+++ Data section
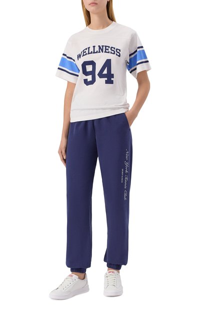 Футболку с контрастными горловиной и рукавами выполнили из предварительно постиранного хлопкового трикотажа. Модель украсили флокированной надписью Wellness Club спереди и логотипом на спинке.
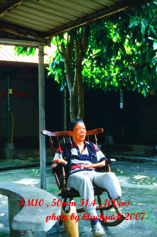 圖片說明:黃文章伯伯,當時他邊坐搖椅邊唱「樂生故事多」,照片為本人所拍攝,有著作權,未經本人「事前授權」,勿以任何理由轉載與使用,其餘見註。
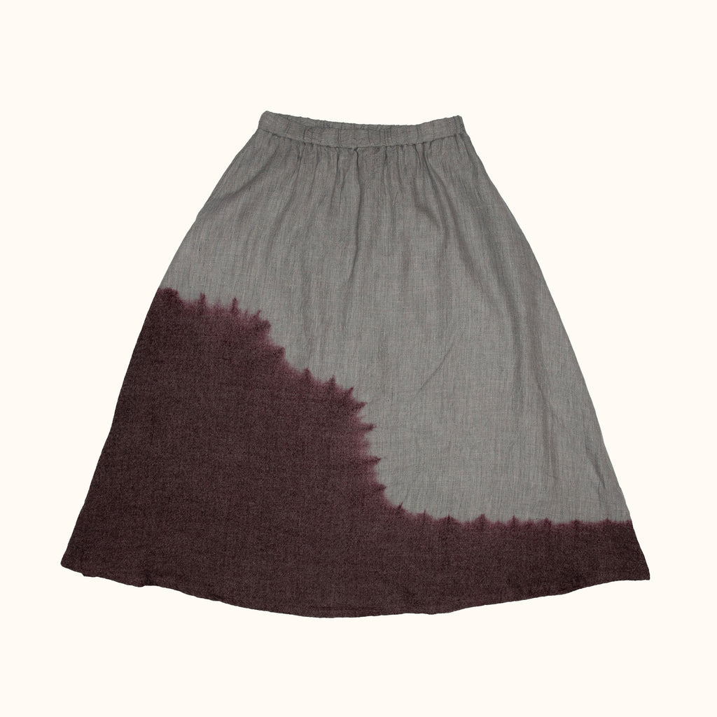 Linen Wool Twill Flare Skirt - Burgundy
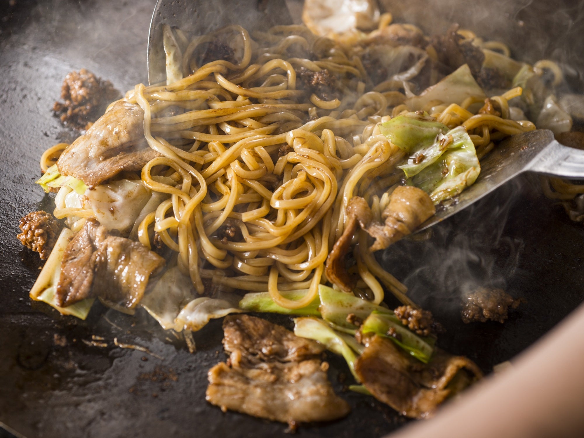 オリジナルの麺とソースで焼き上げた、大人気「名物!夜鳴き鉄板焼きそば」を是非、ご賞味ください。
++++++
Exact copy, no images: rewrite the entire listing above.

 Футболку с контрастными горловиной и рукавами выполнили из предварительно постиранного хлопкового трикотажа. Модель украсили флокированной надписью Wellness Club спереди и логотипом на спинке.
 圖片說明:黃文章伯伯,當時他邊坐搖椅邊唱「樂生故事多」,照片為本人所拍攝,有著作權,未經本人「事前授權」,勿以任何理由轉載與使用,其餘見註。
 Linen Wool Twill Flare Skirt - Burgundy
 オリジナルの麺とソースで焼き上げた、大人気「名物!夜鳴き鉄板焼きそば」を是非、ご賞味ください。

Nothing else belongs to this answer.